「法人」と「人工知能」

亡くなったホーキング博士も「人工知能が人間に害する可能性がある」ことを警告していた。米国では、第二次大戦のときに亡くなったルーズベルト大統領は「企業が政府を凌ぐ」ことに危機感を持った。現代では後者は「Corporatism」として知られている。

私は「人工知能」というものはもともと無く、それは現代のコンピュータそのもののことを言い換えているに過ぎない、と思っているが、その議論はここではひとまず置いておき、おそらく一般的にわかりやすいであろう「人工知能」という用語をここでは使うことにする。

人間が自ら作った「人間みたいなもの」は、人間と同じ成長の過程を経ずに人間のように振る舞うことを、人間社会の中で許容されている。企業は「法人」という人間を構成員としてできた「機械」のようなものとして。人工知能は「機械で作られた擬似的な人」として。どちらも人間が作ったものだが、人間に似ているものの、人間と同じ成長過程を経てそこにあるものではないから、人間と完全に同じというわけにはいかない。

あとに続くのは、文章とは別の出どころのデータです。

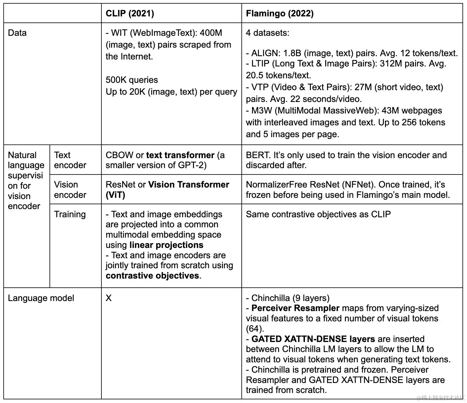 Flamingo 在处理文本时选择了 BERT 技术,而不是常见的 GPT-2。
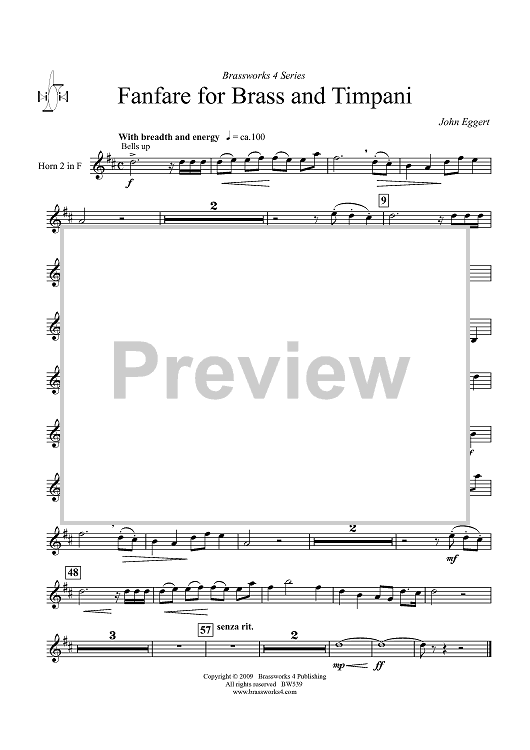 Digital Sheet Music for Fanfare for Brass and Timpani - Horn in F 2 by John Eggert scored for Brass Ensemble; id:410364
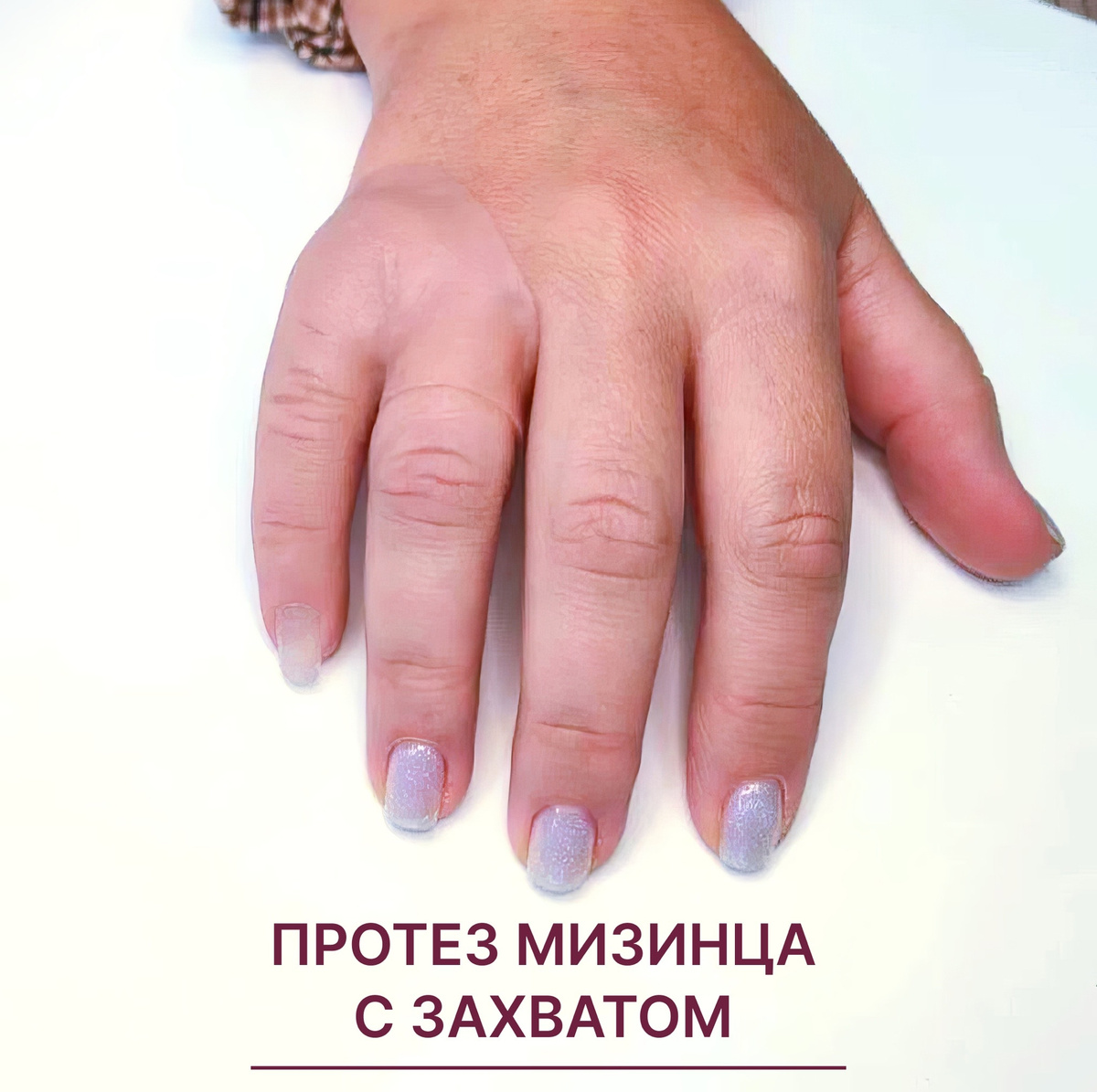 В Протез Студии мы понимаем, что каждая история уникальна и именно поэтому мы стремимся находить решения даже в самых сложных случаях. Одним из таких примеров стало обращение пациентки, которая потеряла мизинец из-за укуса собаки. После завершения лечения выяснилось, что ни одна фаланга , которая могла бы служить опорой для протеза, не сохранилось. В таких ситуациях стандартное косметическое протезирование оказывается невозможным. Без точки фиксации нет возможности носить протез, и это создает дополнительные сложности. Однако наши опытные протезисты предложили индивидуальное решение, которое позволило создать протез мизинца с захватом, который надежно фиксируется на соседнем безымянном пальце. Данный подход позволил: Каждый такой кейс требует тщательного анализа и проектирования, поскольку это не стандартная процедура, а индивидуально разработанная конструкция, адаптированная под конкретную анатомию. В Протез Студии мы находим решения там, где на первый взгляд его, кажется, нет. Наша з

別の言い方をすれば、それは「人間ではないが、人間のために、人間に近く作られた」「モノ」であって、それを「人間」と同じ扱いをこの社会でするわけには、本来はいかない。それは、人間社会で生きる人間自身の子供のときのようなもので、「不完全な人間」であり、「人間である」と言うには、どこか大きな「欠陥」を抱えている。

それでいて、それが作られた目的は「人間社会をより発展させ強固にさせるもの」だから、どこかに人間以上のパワー(破壊力も)を持っている。言い換えれば、「企業」「人工知能」は、同じ子供でも、ジャイアンみたいな大人もてこずる暴力を行使できる子供のようなものだ。

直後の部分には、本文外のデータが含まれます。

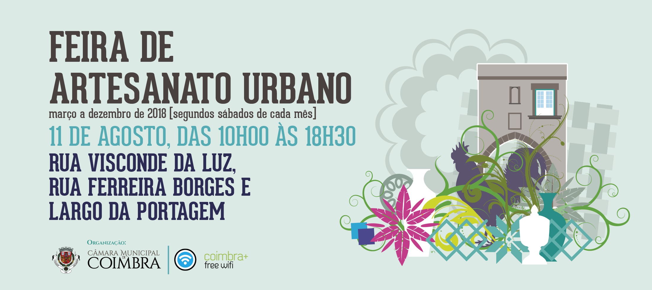 A Feira de Artesanato Urbano vai voltar a animar a Baixa de Coimbra no próximo sábado, dia 11 de agosto. A iniciativa, organizada pela Câmara Municipal de Coimbra aos segundos sábados de cada mês, decorre nas principais artérias do coração da cidade, como as ruas Ferreira Borges e Visconde da Luz e o Largo da Portagem.
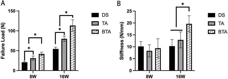The biomechanical results (Figure 9) show that at week 8, the ultimate load to failure of the specimens in the DS group were significantly lower than those in the TA (p = 0.000) and BTA (p = 0.000) groups. At this timepoint, the differences in stiffness among the three groups of specimens were not significantly different. At week 16, the ultimate load to failure of the specimens in the TA (p = 0.000) and BTA (p = 0.000) groups were significantly higher than those in the DS group. Furthermore, the ultimate load to failure of specimens in the BTA group were much higher than 100 N and were statistically different compared to the TA group (p = 0.005). At this timepoint, the specimen stiffness values in the BTA group were significantly higher than those in the DS (p = 0.000) and TA (p = 0.000) groups.
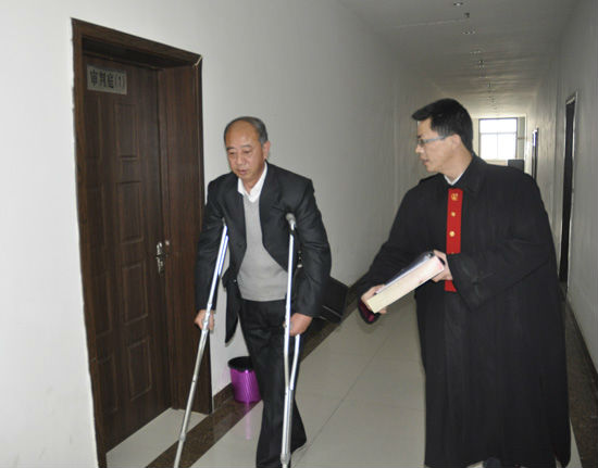 3月27日,浠水法院人民陪审员周琼不顾腿伤,坚持拄着拐杖来到浠水法院参加案件的庭审,让在场所有人着实感动。
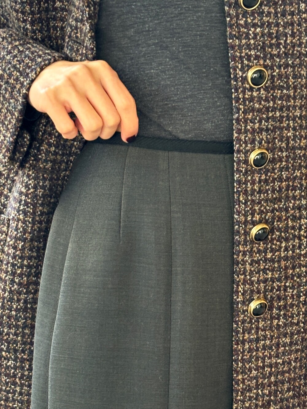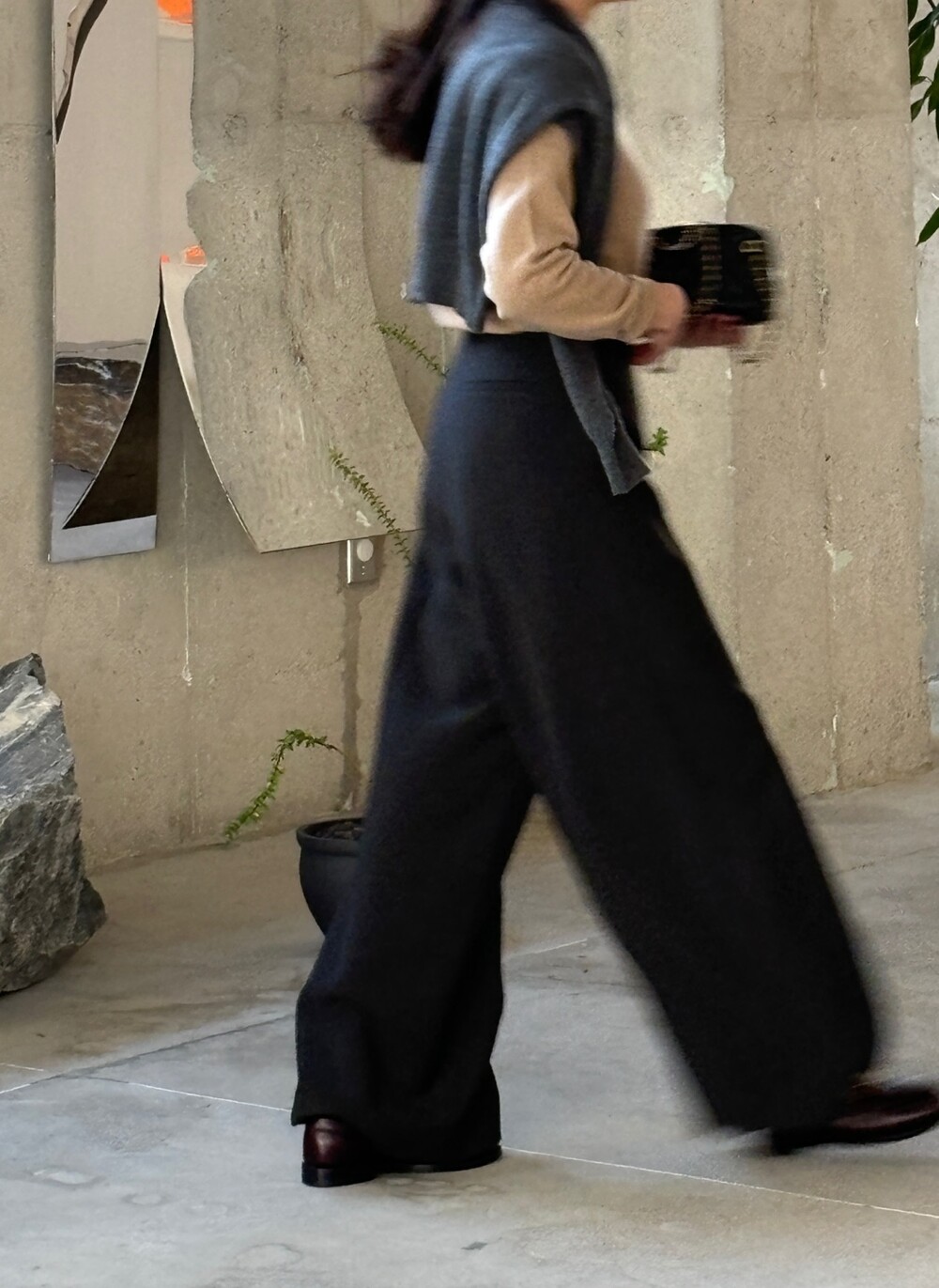 깊이 있으면서도 차분하면서도 우아한 딥 그레이 컬러의 팬츠입니다.

だから、私たちが「人工知能」に漠然と抱く不安はそこから来ている。「企業」は、その問題点を「Corporatism」として、意識され始めているが、人工知能のそれは、まだ漠然としたものだ。

人が人のために作った「フランケンシュタイン」の示した暗喩が、現代の社会では見えやすいものではなくなっている。

「人工知能」「企業」。彼らに人間社会の大人になる学習をいかにさせて育てるべきか。あるいは、壊して作り直すべきか。